Summary – Day 1
Russia: Victory Day with two gold
After four years, world-class action has returned to the London Aquatics Centre as a series of fine diving and synchro events kicked off the European Aquatics Championships on Monday. The Russians held a Victory Day parade here as well, capturing both gold medals on offer on 9 May.
“What a pleasure to stand here, in this wonderful London Aquatics Centre. The vivid memories of the Olympic Games four years ago are still with us, but here we are once again for another fantastic championships in the British capital!” LEN President Paolo Barelli began his speech with these words at the opening ceremony, after Chairman of British Swimming, Maurice Watkins, welcomed everyone at the third European Championships held in Great Britain, after 1938 and 1993.
President Barelli, re-elected for another four years on the eve of the championships, also declared: “Here, in London, we will have even bigger media exposure and tremendous promotion for swimming, fair competition, healthy lifestyle. And last but not least, here, in London these European Championships will also inspire the young generations just as the Olympics did in 2012.”
The ceremony was followed by the first final of the fortnight, the team technical event in synchro. As expected, world title-holders Russia clinched the gold with a convincing performance, ahead of their fiercest rivals, the Ukrainians. The Italians were also overjoyed after finishing third.
In diving, as usual, the team event started the competitions. Again, it went down to a duel between the Russians and the Ukrainians.
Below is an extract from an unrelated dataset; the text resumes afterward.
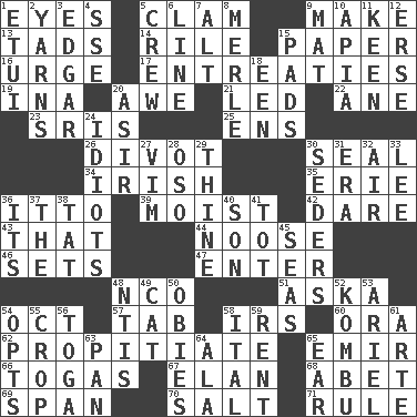 ACROSS 1. Snake ____ (dice throw) 5. Dollar (slang) 9. Create 13. Bits 14. Cause heat under the collar 15. Some stationery 16. Goad 17. Pleas 19. _ tizzy (2 wds.) 20. Deep reverence 21. Directed 22. A saturated hydrocarbon 23. Indian titles of respect 25. Followers of ems 26. A piece of turf (Scot.) 30. Lick closed 34. From or relating to Ireland 35. One of the Great Lakes 36. "Tell ____ the Marines!" 39. Wet 42. Have the gumption 43. Not this but _ 44. Trap for birds or small mammals 46. Arranges properly for use 47. Keyboard key 48. Non-commissioned officer (abbr.) 51. "____ silly question..." 54. Sep. follower 57. Bar bill 58. Big collection agency 60. Mouth or opening 62. Appease 65. Arab leader 66. Ancient Roman robes 67. Flair 68. Collude with 69. Connect, as a bridge 70. Table seasoning 71. Court order DOWN 1. Needle case 2. Entertaining tales 3. _ Allan Poe 4. Compass dir. 5. Ship's personnel 6. Actor's bit 7. The first octave above the treble staff 8. Haggard of country music 9. Floor covering 10. Capital of Western Samoa 11. Peachy ____! 12. Celtic language 15. Groovy apts. 18. Car or cant ending 20. SW Saudi Arabia district 24. Foolish or stupid persons 27. Zeal 28. Bear (Spanish) 29. One or ones belonging to thee 30. Spring feasts 31. Epoch 32. Atmosphere 33. Area sheltered from the wind 36. It is 37. Definite Article 38. Make lace 40. Boy, to dad 41. Small child 45. Oceans 48. Nuclear Threat Initiatives 49. Feline 50. Off-Broadway awards 52. Dried seaweed eaten as food 53. Satellite of Uranus 54. Elects 55. Riding implement 56. Ancient Roman robe 58. Slanted text style (abbr.) 59. Monthly bill 61. Johnson of "Laugh-In" 63. Baking dish 64. Chicken ___ king 65. Ewer handle

Despite a rare penalty deduction at Iuliia Prokopchuk’s second dive, the Ukrainians seemed to have a chance to finish atop but Russia’s Viktor Minibaev came up with the dive of the evening on the very last attempt. A perfect mark of 10 flashed on the scoreboard and the 102.60 pointer won the title for the Russians, who celebrated their nation’s treasured Victory Day in style in London. The home fans also had something to cheer as Georgia Ward and Matthew Lee earned the first medal, a bronze, for the hosts.